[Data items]
....................
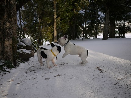 軒下オトコの巻き 日常のこと 2012年02月19日 comment(1) http://j24h.blog.shinobi.jp/Entry/852/軒下オトコの巻き はろ~出雲ぶっひ~ずでーす!昨日の朝起きてみたら外が真っ白でおべたわー。ちょっと好奇心だけは満載のオラちゃんたち。早く開けて~!開けないなら顔を突っ込んででも開けちゃうぞ!と出てみたもののやっぱりチベタイ。(こらっそこの軒下オトコたち!庭に出なさい@おかやん)ひっひゃ~っ。おかやんって鬼~ぃ。こんなチベタイとこに出ろって、ど~ゆ~コトォ?ひぇ~こりゃチッコも凍るね。拷問だよおっかさん@でーざえもんしゃ~ないなぁ~。ほならちょっこし出てみるかな。ほり一歩。こんな感じ?意外と大丈夫じゃね?オラちゃん、もっと行っちゃうよ。(あら?でーざえもんがおらんけど?@おかやん)ワタクスまっぴら御免こうむるのでございます。@でーざえもん 【ランキング参加中】お気に召したらバナーをクリックしてくださいね。
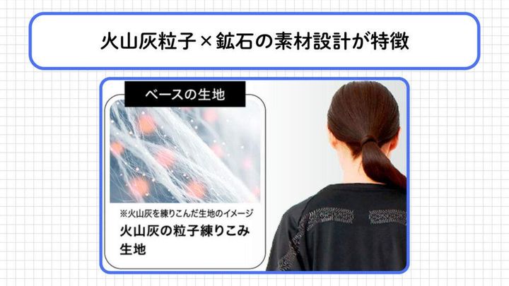 多くの競合ブランドがセラミックスや鉱石などを使用する中、火山灰の粒子を生地に練り込んだ素材設計が特徴といえます。
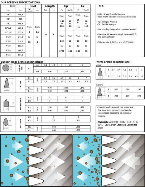 The support wires can be round wires, triangular wires or trapezoidal wires, while the filter wires is triangular wires(V shape wires).
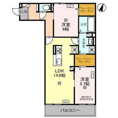 間取り | 2LDK(LDK14.5 洋5.7 6) | ||
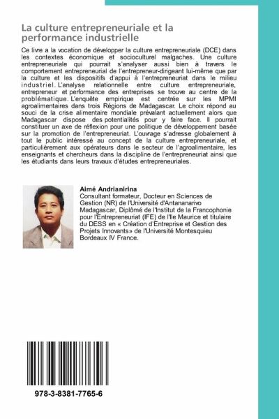 Ce livre a la vocation de développer la culture entrepreneuriale (DCE) dans les contextes économique et socioculturel malgaches. Une culture entrepreneuriale qui pourrait s analyser aussi bien à travers le comportement entrepreneurial de l entrepreneur-dirigeant lui-même que par la culture et les dispositifs d appui à l entrepreneuriat dans le milieu industriel. L analyse relationnelle entre culture entrepreneuriale, entrepreneur et performance des entreprises se trouve au centre de la problématique. L enquête empirique est centrée sur les MPMI agroalimentaires dans trois Régions de Madagascar. Le choix répond au souci de la crise alimentaire mondiale prévalant actuellement alors que Madagascar dispose des potentialités pour y faire face. Il pourrait constituer un axe de réflexion pour une politique de développement basée sur la promotion de l entrepreneuriat. L ouvrage s adresse globalement à tout le public intéressé au concept de la culture entrepreneuriale, et particulièrement aux opérateurs dans le secteur de l agroalimentaire, les enseignants et chercheurs dans la discipline de l entrepreneuriat ainsi que les étudiants dans leurs travaux d études entrepreneuriales.
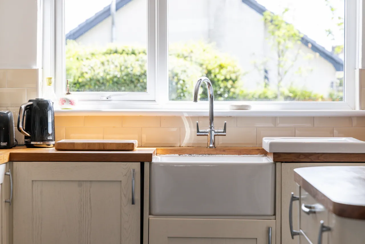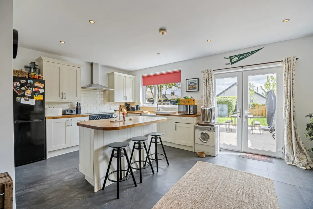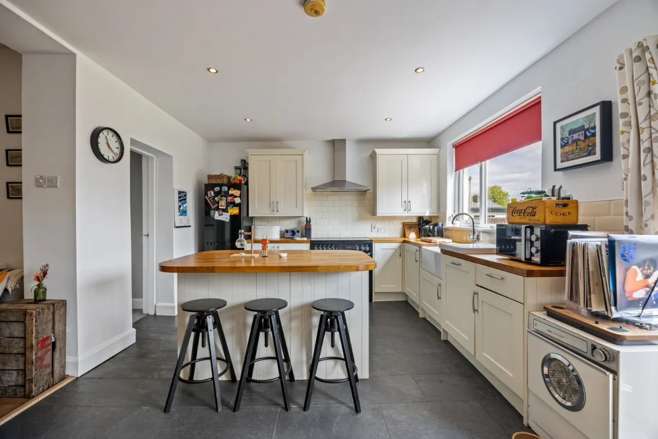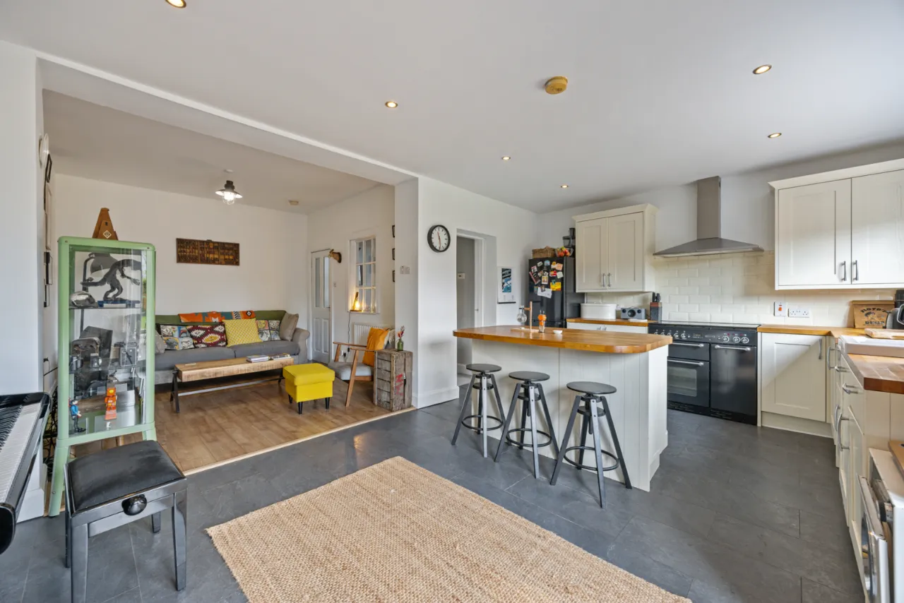 Full range of high and low level units with oak work surfaces, recess for cooker, Belfast sink with mixer taps, built in dishwasher, partly tiled walls, central island with oak work surfaces, open to:
....................
(Requirement): Stop after the line containing "間取り | 2LDK(LDK14.5 洋5.7 6) | ||": copy the records exactly from the first line up to there, leaving pictures out.

(Exercise output):
 軒下オトコの巻き 日常のこと 2012年02月19日 comment(1) http://j24h.blog.shinobi.jp/Entry/852/軒下オトコの巻き はろ~出雲ぶっひ~ずでーす!昨日の朝起きてみたら外が真っ白でおべたわー。ちょっと好奇心だけは満載のオラちゃんたち。早く開けて~!開けないなら顔を突っ込んででも開けちゃうぞ!と出てみたもののやっぱりチベタイ。(こらっそこの軒下オトコたち!庭に出なさい@おかやん)ひっひゃ~っ。おかやんって鬼~ぃ。こんなチベタイとこに出ろって、ど~ゆ~コトォ?ひぇ~こりゃチッコも凍るね。拷問だよおっかさん@でーざえもんしゃ~ないなぁ~。ほならちょっこし出てみるかな。ほり一歩。こんな感じ?意外と大丈夫じゃね?オラちゃん、もっと行っちゃうよ。(あら?でーざえもんがおらんけど?@おかやん)ワタクスまっぴら御免こうむるのでございます。@でーざえもん 【ランキング参加中】お気に召したらバナーをクリックしてくださいね。
 多くの競合ブランドがセラミックスや鉱石などを使用する中、火山灰の粒子を生地に練り込んだ素材設計が特徴といえます。
 The support wires can be round wires, triangular wires or trapezoidal wires, while the filter wires is triangular wires(V shape wires).
 間取り | 2LDK(LDK14.5 洋5.7 6) | ||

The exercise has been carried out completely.